• _Task_: Your output must be the lines below from the line containing "虽然武亦姝在C未出之前便抢答" to the line containing "ข่าวเย็นประเด็นร้อน - ตำรวจไล่จับชายหนุ่มขี่รถจักรยานยนต์ฝ่าด่าน", both lines included, reproduced exactly and without pictures.

• _Entries shown_:

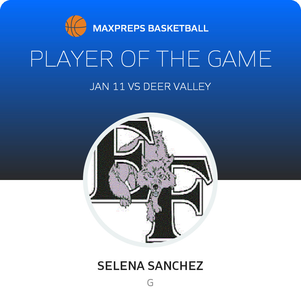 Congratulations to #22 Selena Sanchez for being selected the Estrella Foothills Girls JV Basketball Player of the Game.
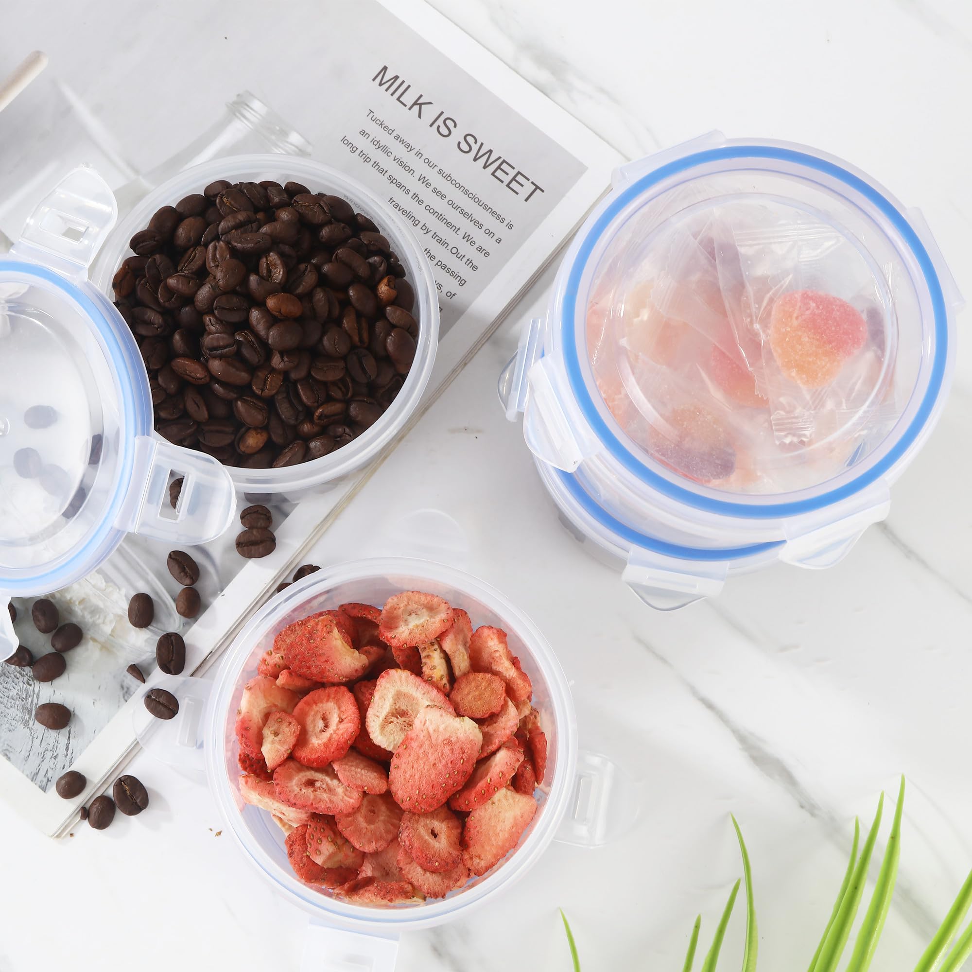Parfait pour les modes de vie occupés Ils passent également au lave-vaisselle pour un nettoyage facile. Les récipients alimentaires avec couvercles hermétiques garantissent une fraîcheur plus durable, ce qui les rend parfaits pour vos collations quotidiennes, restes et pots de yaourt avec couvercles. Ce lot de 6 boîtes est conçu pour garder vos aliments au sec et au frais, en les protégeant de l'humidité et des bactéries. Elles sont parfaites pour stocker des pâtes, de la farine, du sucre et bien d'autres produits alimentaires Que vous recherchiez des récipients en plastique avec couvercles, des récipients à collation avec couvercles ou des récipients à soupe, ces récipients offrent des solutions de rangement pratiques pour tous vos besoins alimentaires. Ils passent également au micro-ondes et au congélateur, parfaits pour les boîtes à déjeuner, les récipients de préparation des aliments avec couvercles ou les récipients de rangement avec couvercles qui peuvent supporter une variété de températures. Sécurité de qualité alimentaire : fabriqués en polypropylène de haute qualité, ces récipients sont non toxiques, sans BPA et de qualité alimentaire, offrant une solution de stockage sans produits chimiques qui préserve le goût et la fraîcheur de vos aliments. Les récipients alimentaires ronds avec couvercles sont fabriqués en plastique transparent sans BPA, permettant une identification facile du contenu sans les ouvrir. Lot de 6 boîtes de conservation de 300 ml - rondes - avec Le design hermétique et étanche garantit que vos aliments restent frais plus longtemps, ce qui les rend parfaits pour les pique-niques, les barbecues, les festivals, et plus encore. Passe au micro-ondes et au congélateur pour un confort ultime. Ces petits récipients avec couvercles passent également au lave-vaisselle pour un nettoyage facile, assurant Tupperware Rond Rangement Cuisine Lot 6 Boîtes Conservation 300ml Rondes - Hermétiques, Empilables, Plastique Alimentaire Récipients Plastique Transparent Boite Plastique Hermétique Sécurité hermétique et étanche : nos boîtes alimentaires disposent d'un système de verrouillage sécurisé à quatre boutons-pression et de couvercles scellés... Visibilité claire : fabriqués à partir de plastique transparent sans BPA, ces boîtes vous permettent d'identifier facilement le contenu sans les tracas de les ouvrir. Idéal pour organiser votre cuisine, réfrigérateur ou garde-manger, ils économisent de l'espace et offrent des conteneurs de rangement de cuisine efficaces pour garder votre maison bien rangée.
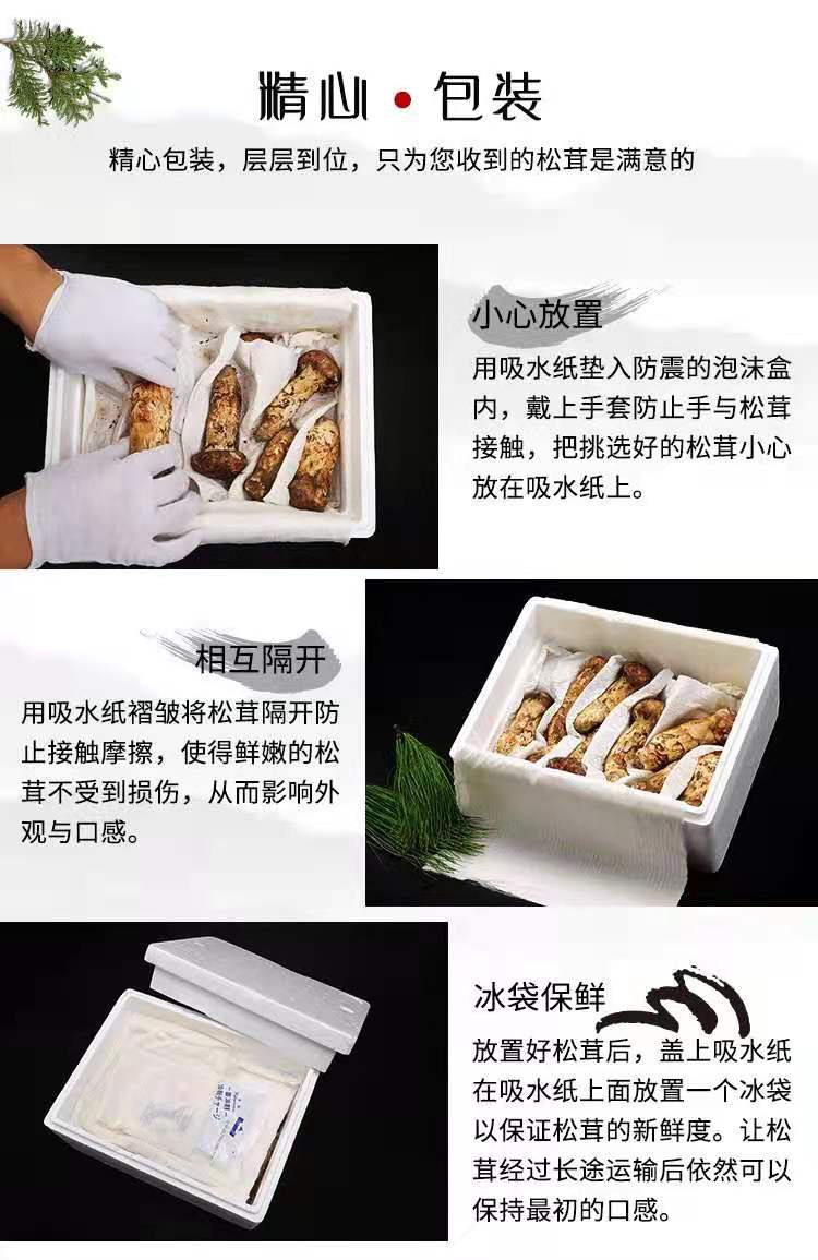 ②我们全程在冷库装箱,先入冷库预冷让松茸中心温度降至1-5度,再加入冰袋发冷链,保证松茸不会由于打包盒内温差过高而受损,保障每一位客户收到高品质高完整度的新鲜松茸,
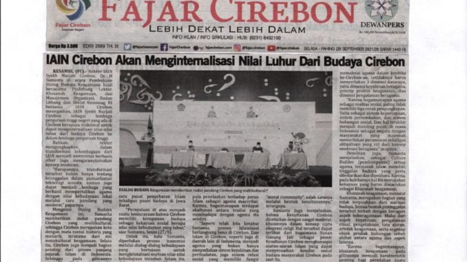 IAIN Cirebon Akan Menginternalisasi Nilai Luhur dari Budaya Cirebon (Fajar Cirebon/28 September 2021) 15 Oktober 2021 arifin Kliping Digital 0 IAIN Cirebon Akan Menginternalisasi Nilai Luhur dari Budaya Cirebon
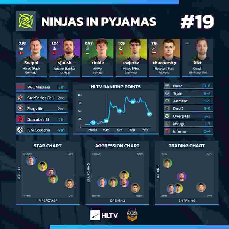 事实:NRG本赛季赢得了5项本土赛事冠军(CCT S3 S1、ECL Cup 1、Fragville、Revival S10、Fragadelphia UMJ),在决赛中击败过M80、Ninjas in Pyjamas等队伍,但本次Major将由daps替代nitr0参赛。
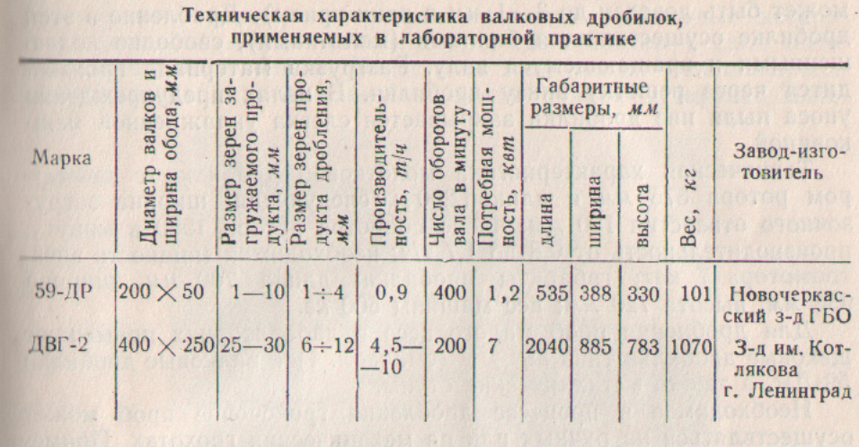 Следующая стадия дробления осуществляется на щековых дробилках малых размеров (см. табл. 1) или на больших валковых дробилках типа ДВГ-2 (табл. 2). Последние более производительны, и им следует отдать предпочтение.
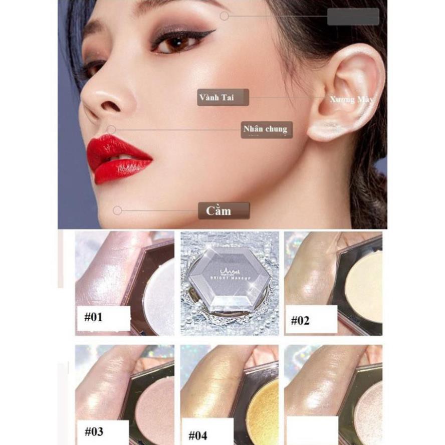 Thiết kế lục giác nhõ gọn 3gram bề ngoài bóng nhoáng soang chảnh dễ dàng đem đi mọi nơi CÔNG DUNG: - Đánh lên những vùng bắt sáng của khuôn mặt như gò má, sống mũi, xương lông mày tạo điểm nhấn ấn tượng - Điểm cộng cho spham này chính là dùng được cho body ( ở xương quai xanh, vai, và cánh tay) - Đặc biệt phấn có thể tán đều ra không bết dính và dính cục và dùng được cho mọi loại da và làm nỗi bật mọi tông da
...
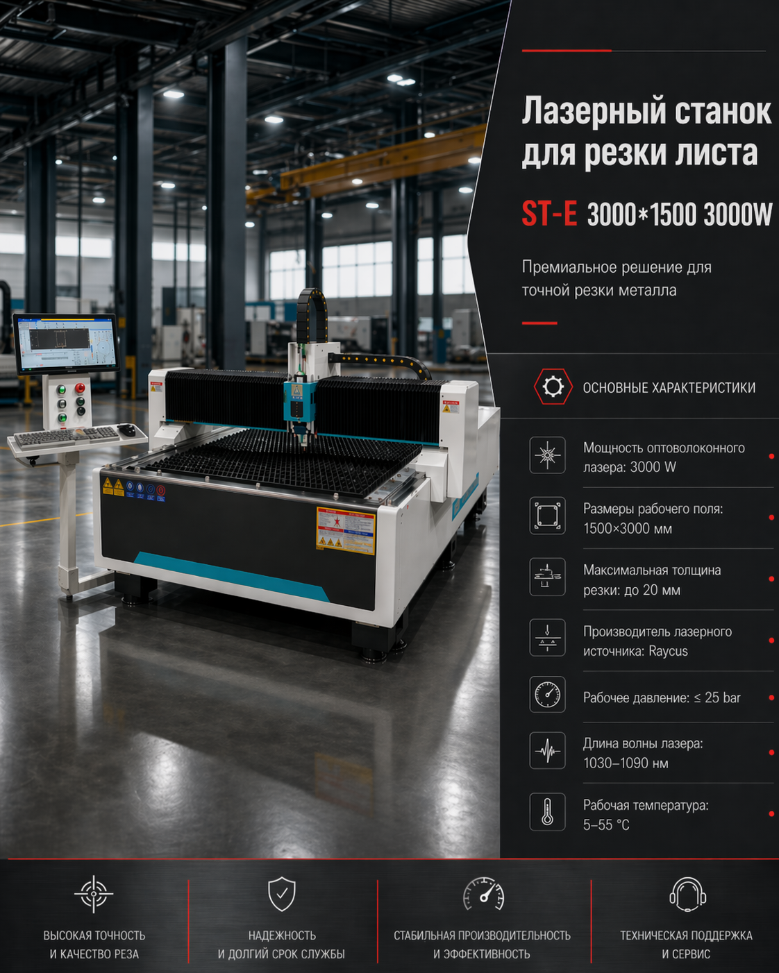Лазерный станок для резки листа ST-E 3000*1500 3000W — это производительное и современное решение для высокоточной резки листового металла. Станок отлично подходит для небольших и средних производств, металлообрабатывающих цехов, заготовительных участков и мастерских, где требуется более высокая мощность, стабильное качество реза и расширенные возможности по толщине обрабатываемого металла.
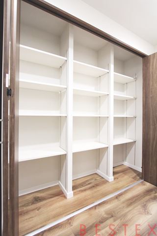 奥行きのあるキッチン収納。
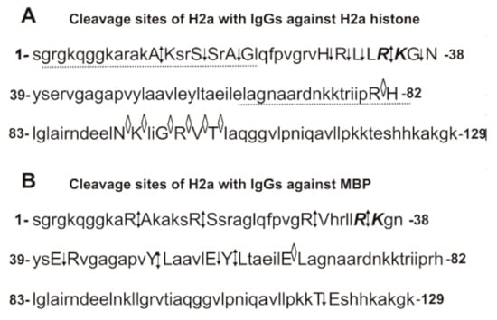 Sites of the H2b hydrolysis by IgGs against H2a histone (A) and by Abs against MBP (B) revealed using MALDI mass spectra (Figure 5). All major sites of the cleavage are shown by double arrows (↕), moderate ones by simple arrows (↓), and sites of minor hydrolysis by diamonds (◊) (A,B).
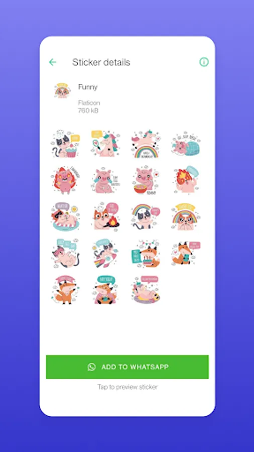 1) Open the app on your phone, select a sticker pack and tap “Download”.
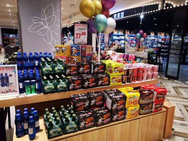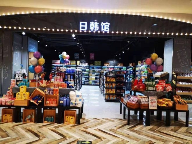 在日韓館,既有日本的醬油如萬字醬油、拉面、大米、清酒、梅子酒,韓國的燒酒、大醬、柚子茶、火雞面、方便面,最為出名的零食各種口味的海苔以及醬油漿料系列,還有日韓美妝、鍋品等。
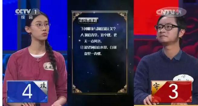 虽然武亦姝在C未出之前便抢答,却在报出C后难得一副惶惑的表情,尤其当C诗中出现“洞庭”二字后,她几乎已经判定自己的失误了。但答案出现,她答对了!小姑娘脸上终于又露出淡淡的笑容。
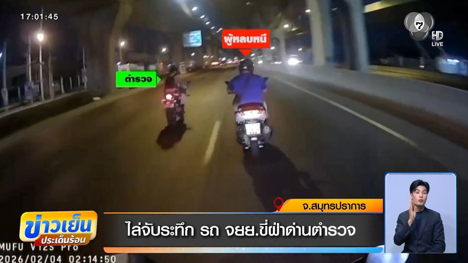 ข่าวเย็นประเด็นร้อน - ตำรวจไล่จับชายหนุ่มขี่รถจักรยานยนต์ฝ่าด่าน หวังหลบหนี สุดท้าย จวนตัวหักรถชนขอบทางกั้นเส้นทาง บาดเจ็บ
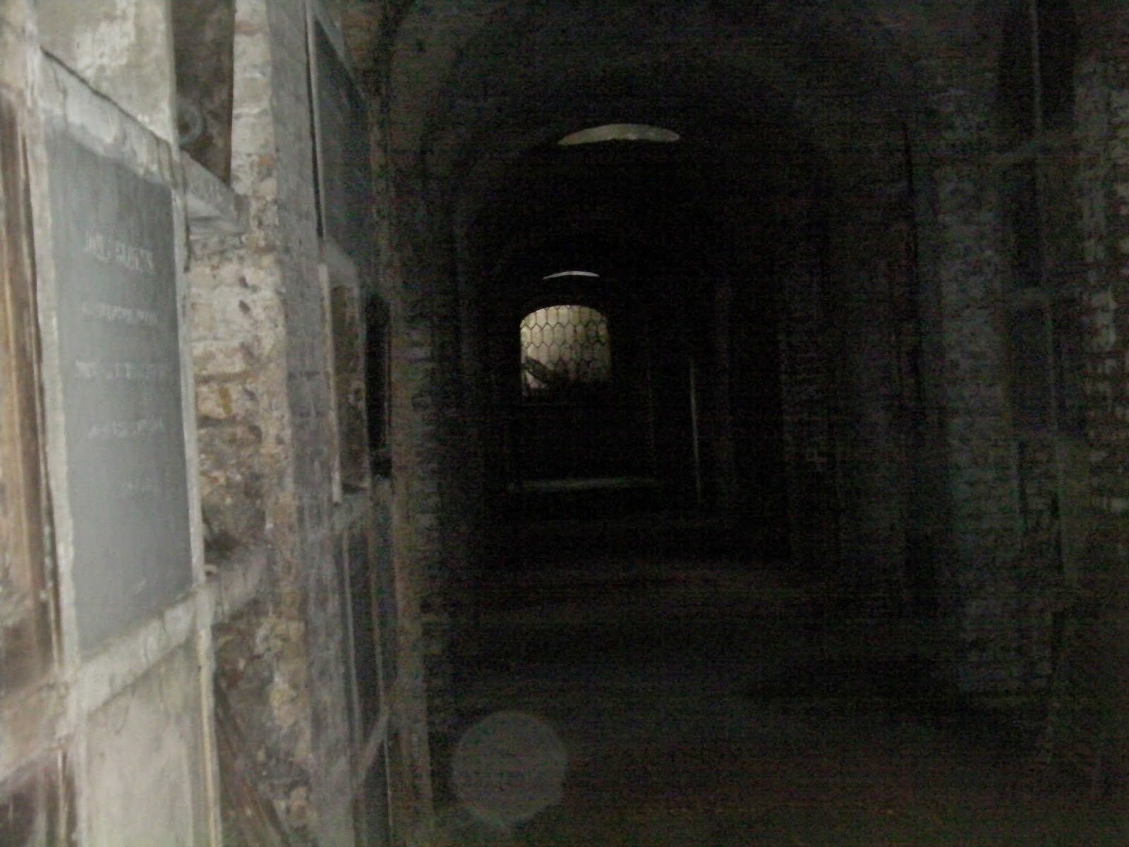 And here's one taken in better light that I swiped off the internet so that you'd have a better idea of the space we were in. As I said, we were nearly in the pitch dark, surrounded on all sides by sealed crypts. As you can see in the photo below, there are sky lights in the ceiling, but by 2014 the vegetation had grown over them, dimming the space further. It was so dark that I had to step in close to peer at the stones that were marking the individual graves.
* * *
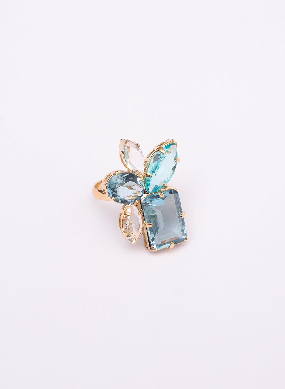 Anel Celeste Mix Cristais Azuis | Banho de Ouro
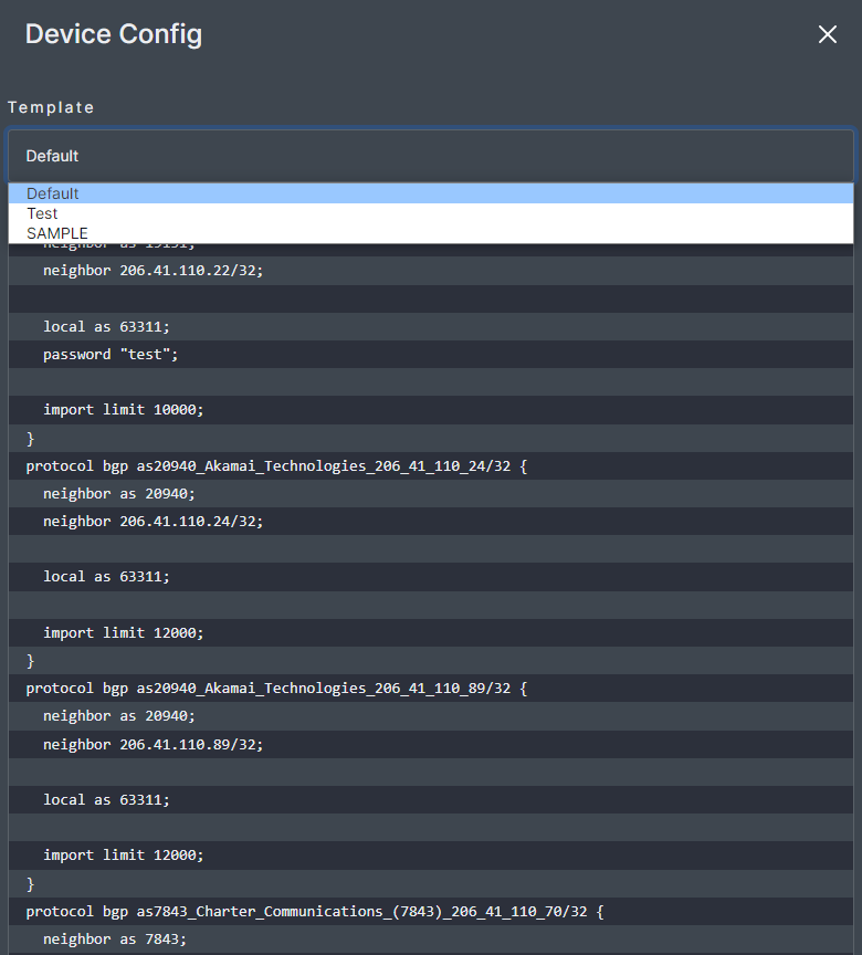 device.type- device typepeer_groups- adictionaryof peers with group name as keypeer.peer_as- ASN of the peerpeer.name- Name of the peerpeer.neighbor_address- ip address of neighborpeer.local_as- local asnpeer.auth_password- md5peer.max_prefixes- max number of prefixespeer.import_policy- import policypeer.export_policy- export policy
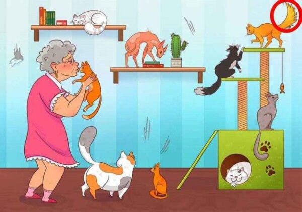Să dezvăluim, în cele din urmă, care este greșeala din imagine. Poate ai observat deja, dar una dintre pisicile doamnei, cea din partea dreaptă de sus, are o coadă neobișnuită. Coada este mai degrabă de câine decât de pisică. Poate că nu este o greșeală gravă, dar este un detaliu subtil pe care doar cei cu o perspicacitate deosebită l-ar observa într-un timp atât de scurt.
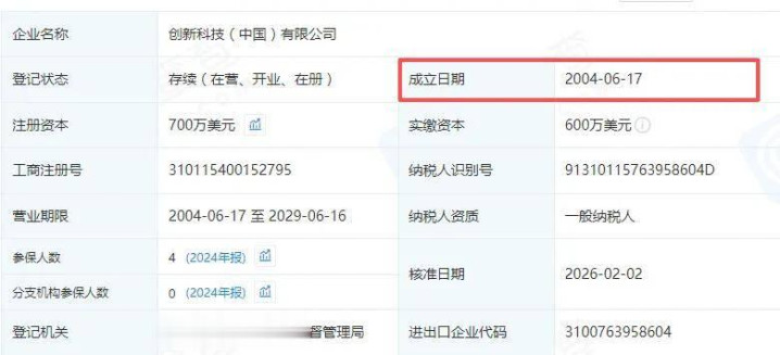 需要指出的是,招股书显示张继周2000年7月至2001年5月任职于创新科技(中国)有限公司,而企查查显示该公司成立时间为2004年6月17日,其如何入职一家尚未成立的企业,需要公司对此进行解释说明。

• _Solution to this task_:
 虽然武亦姝在C未出之前便抢答,却在报出C后难得一副惶惑的表情,尤其当C诗中出现“洞庭”二字后,她几乎已经判定自己的失误了。但答案出现,她答对了!小姑娘脸上终于又露出淡淡的笑容。
 ข่าวเย็นประเด็นร้อน - ตำรวจไล่จับชายหนุ่มขี่รถจักรยานยนต์ฝ่าด่าน หวังหลบหนี สุดท้าย จวนตัวหักรถชนขอบทางกั้นเส้นทาง บาดเจ็บ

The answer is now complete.